Drupal has an amazingly simple tool for backing up - drush archive-dump or ard for short - and it definitely takes the ‘ard work out of backups.
Running ‘drush ard’ in a Drupal directory will backup code and database and store it somewhere away from the root of the site. This can be built on easily using a simple bash script and cron to create a copy of the site every night with a date-stamped file name - which you could then store offsite or on another server.
If you do get hacked - knowing you have a working copy of the site to fall back on is incredibly helpful.
Keep Drupal Core and Contributed Modules Updated
To jump back to our house analogy, if I told you your front door had a crack in the window that a passerby just needed to press on to make it shatter and give them access to your home - you’d probably replace the glass, pretty quick.
In a similar way, security updates are released regularly - generally on a Wednesday evening in the UK - and it is generally a quick and painless task to update your modules and keep your site safe. (Although, be warned, sometimes there are knock on issues when upgrading modules - so always backup and always run a full regression test before pushing the changes to production.)

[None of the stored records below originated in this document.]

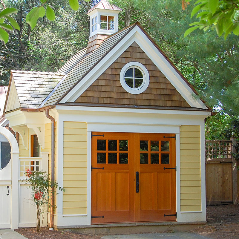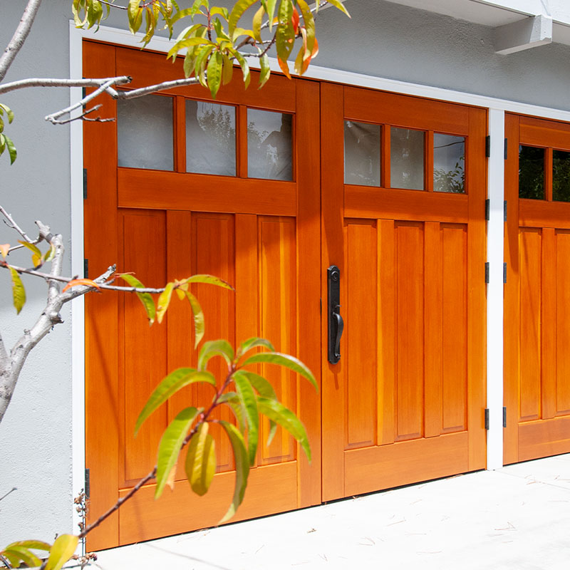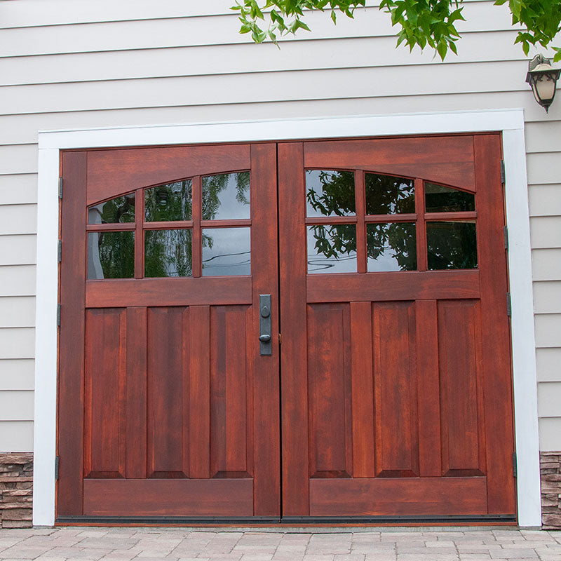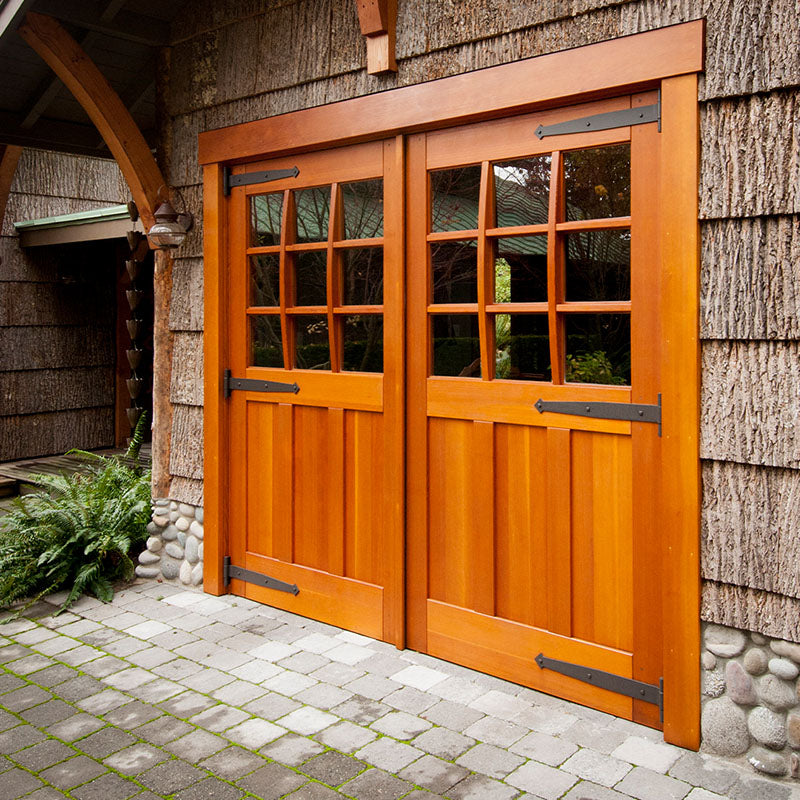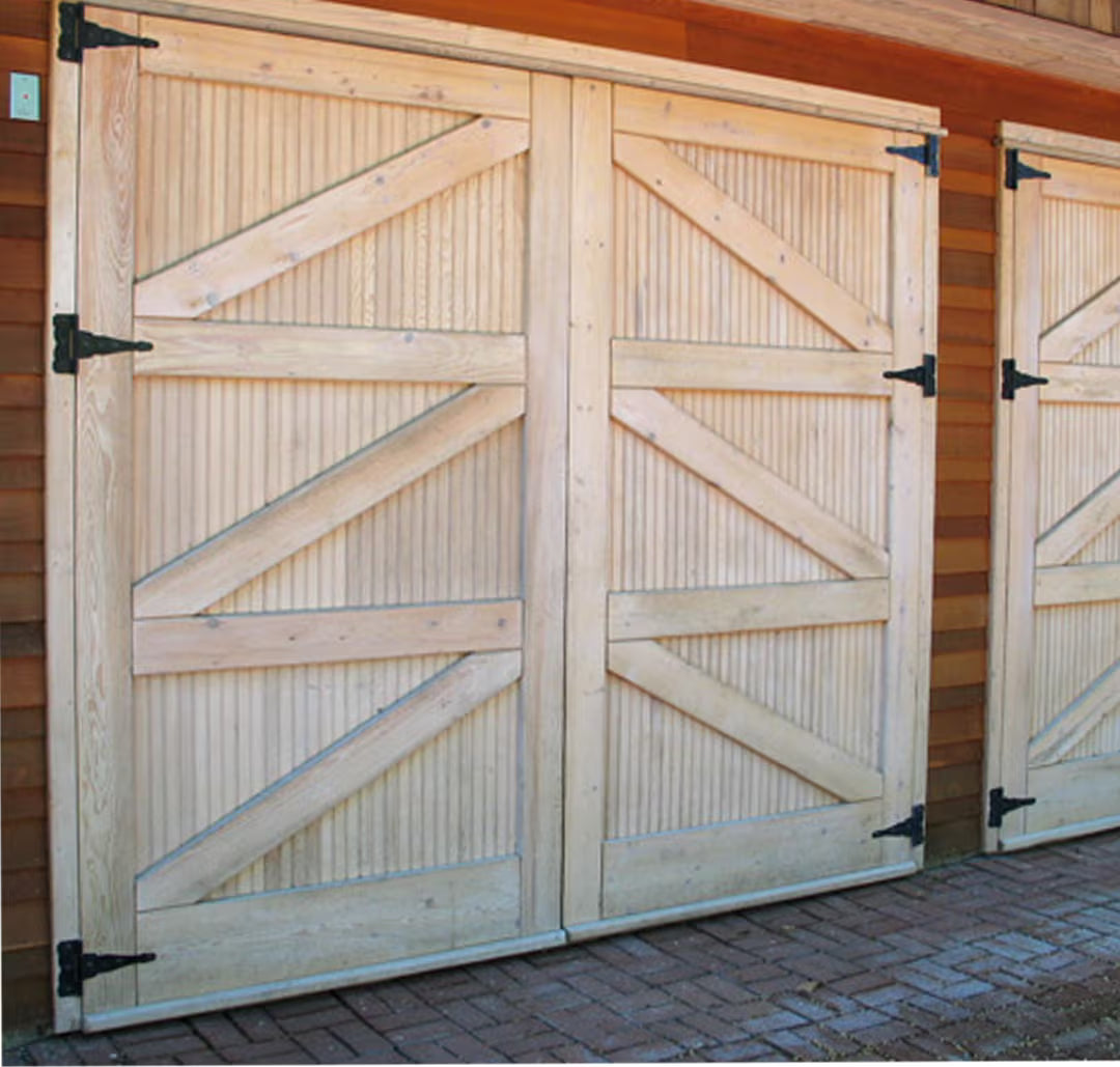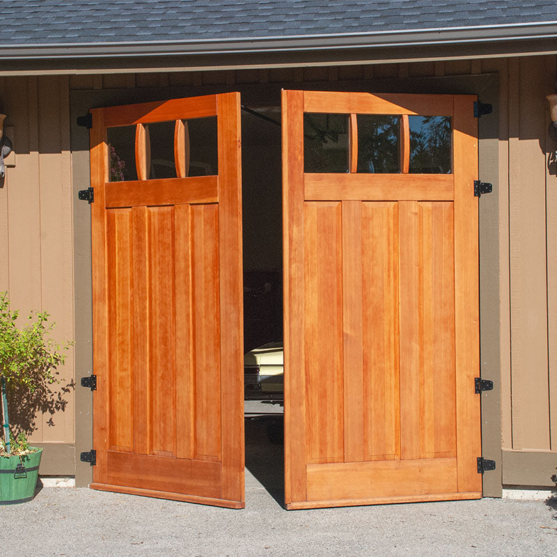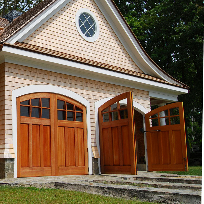 Unlike "carriage-style " roll-up doors that merely mimic the look with decorative overlays, true carriage garage doors swing outward on hinges—just like the original carriagehouse doors that protected horse-drawn carriages over a century ago. The resultis authentic character that faux wood panels simply can't replicate.
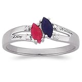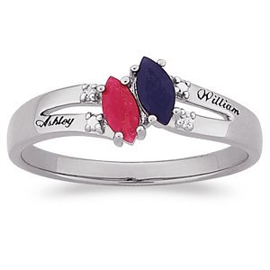 Personalized Valentines Day Gift. It takes two to create this ring! The hand-polished Sterling Silver ring is personalized with two engraved names, up to 10 letters each, and two stunning marquise-cut genuine gemstone birthstones. Twin Diamond accents represent the spark that keeps your passion alive. Available in full sizes, 5 thru 12.
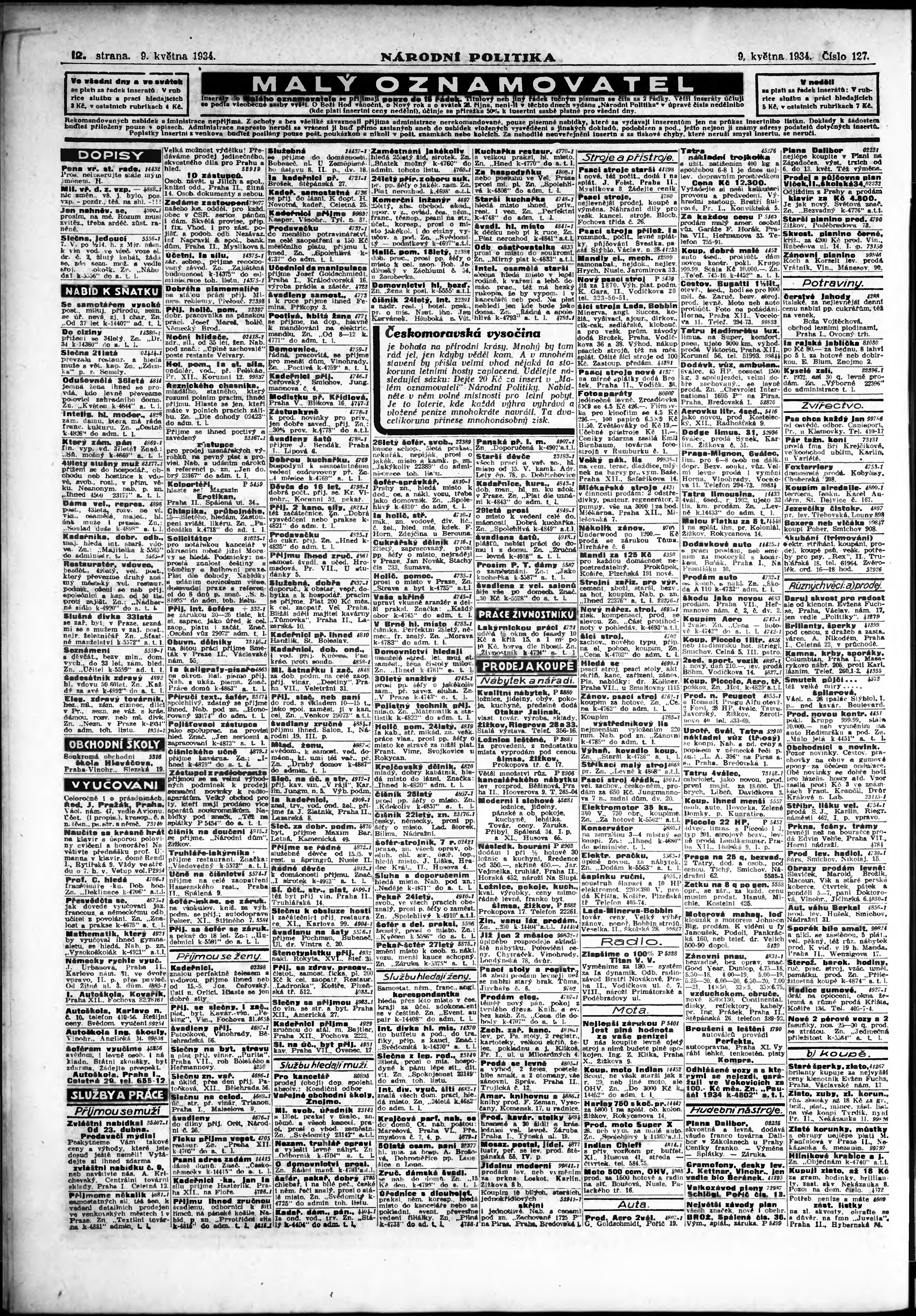 ranní vydání; vydání pro Prahu;
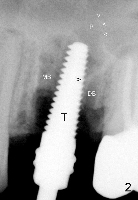 A 4.5x17 mm tap (Fig.2 T) is inserted 8 mm deep with binding to the septum. It appears that the sinus floor (black >) has been penetrated (in fact the septum height is ~5 mm), but the osteotomy has not reached the apex (white >) of the palatal (P) socket. Then the tap is advanced ~ another 3 mm. MB: mesiobuccal; DB: distobuccal socket.
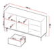 PrikazKomoda je idealan izbor za one koji traže udobnost i stil. Kolekcija Marinez odlikuje se minimalizmom koji se prenosi u univerzalnost namještaja – savršeno će odgovarati modernim, loft i retro interijerima. Jedan od elemenata kolekcije je komoda opremljena s tri ladice i prostranim ormarićem. Ormarić i ladice nemaju klasične ručke, što naglašava minimalistički izgled komode. Ručke su zamijenjene sustavom otvaranja PUSH TO OPEN. Struktura namještaja dodatno se temelji na metalnom okviru s tankim nogama koje savršeno pristaju uz stil komode. Dimenzije: širina: 150 cm, visina: 80 cm, dubina: 41 cm. Izvedba: iverica 16 mm, rub: ABS (vidljiva mjesta), papir (nevidljiva mjesta), stražnja ploča: 3 mm HDF crna ploča, noge: metalni okvir + klizači, panti za brzu montažu, donje vodilice za montažu, otvaranje metodom „push to open“. Dimenzije proizvoda su navedene u centimetrima i mogu se razlikovati od stvarnih za ± 3 cm. Dimenzije namještaja na zahtjev kupaca ne mijenjamo. Jamstvo: 24 mjeseca.
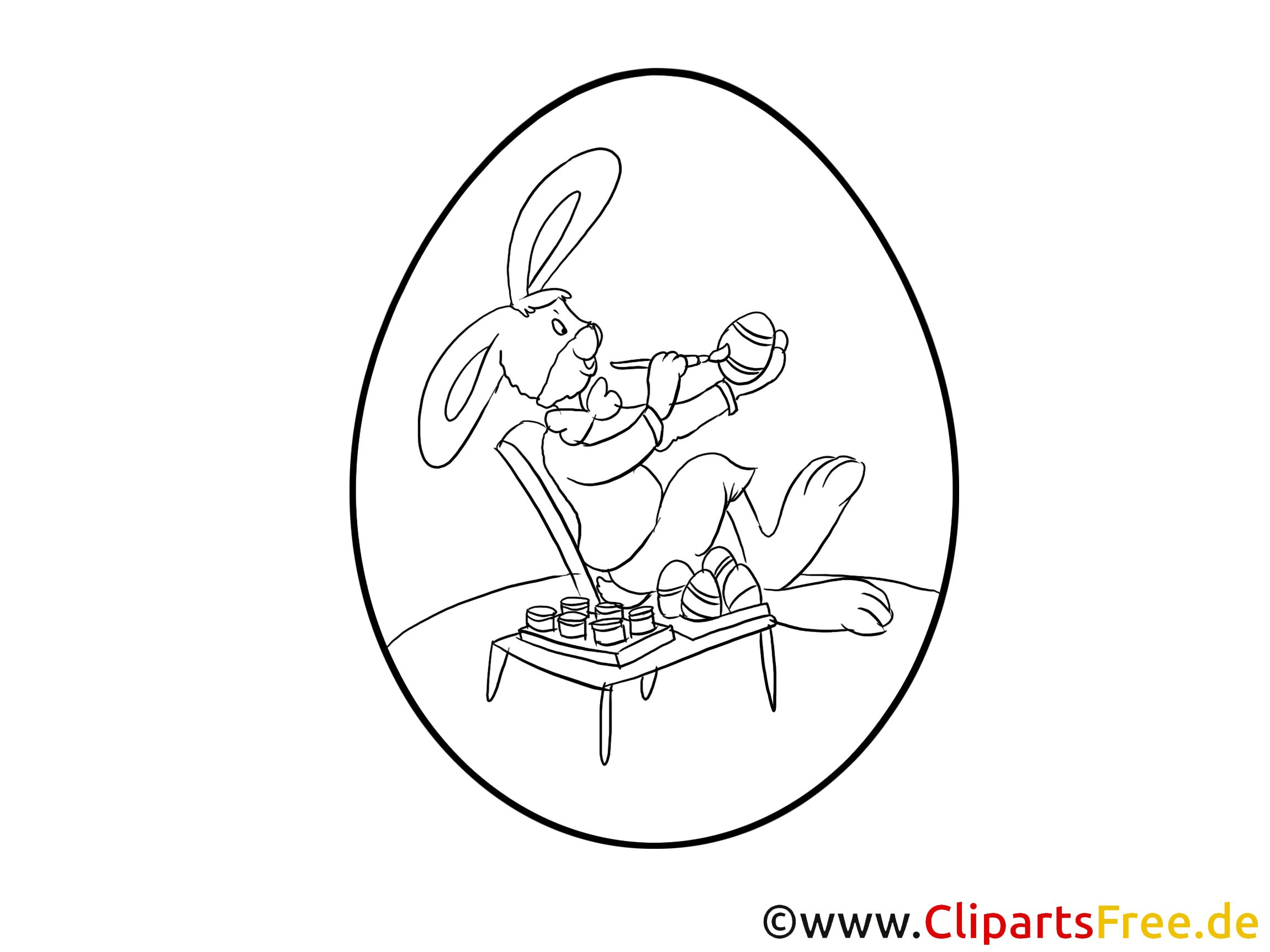 In dieser charmanten Ausmalvorlage sieht man einen putzigen Hasen, der entspannt in einem Stuhl sitzt. Er hat echt einen coolen Blick auf dem Gesicht! In seinen Pfoten hält er ein buntes Ei, das darauf wartet, verschönert zu werden. Vor ihm steht ein kleiner Tisch mit Farbtöpfen. Man kann fast das Gefühl haben, dass er gerade kreativ ist und plant, das Ei bunt zu gestalten. naja, Umgeben ist er von einer ovalen Form, die wie ein riesiges Osterei wirkt. Das ist einfach perfekt für die Osterzeit!

To make things a bit easier, you can run some drush commands to check what updates there are for your site. Running drush pm-updatestatus will tell you what needs updating. In the MS team, we’re developing a great automated tool for this - which automatically applies any security updates to a copy of the codebase and lets the QA team know there’s an update that needs checking. This is just one way we seek to proactively help out our clients.
Build your house on solid ground
I’ve talked a lot about Drupal itself - but you also need to keep an eye on the servers your site’s installed on - if they’re at risk, your site will be too. Here’s a few ways I like to lock things down:
Keep your server security patched
This is vital - if you leave things to rot, there will be holes that can be exploited.
Firewall off SSH access, or change the port number
To stop hackers being able to brute force attack your server by ssh - it’s good to limit the IP addresses that people can login to ssh from. If that’s not possible - due to lots of remote access - then change the port from 22 to anything else.
Limit HTTP and HTTPS traffic to the IP addresses of your CDN / Load balancer
Load balancers are there to do just that - balance the load to your web servers and CDN products, such as Cloudflare, are there to reduce traffic (and, in particular, dangerous traffic) to your site. So it’s always good practice to only allow these IP addresses to hit your webserver. Failing to do so, is like locking your front door and leaving your side gate wide open.
This blog post was originally posted on Appnovation's website on October 13 2017 by Michael Parker.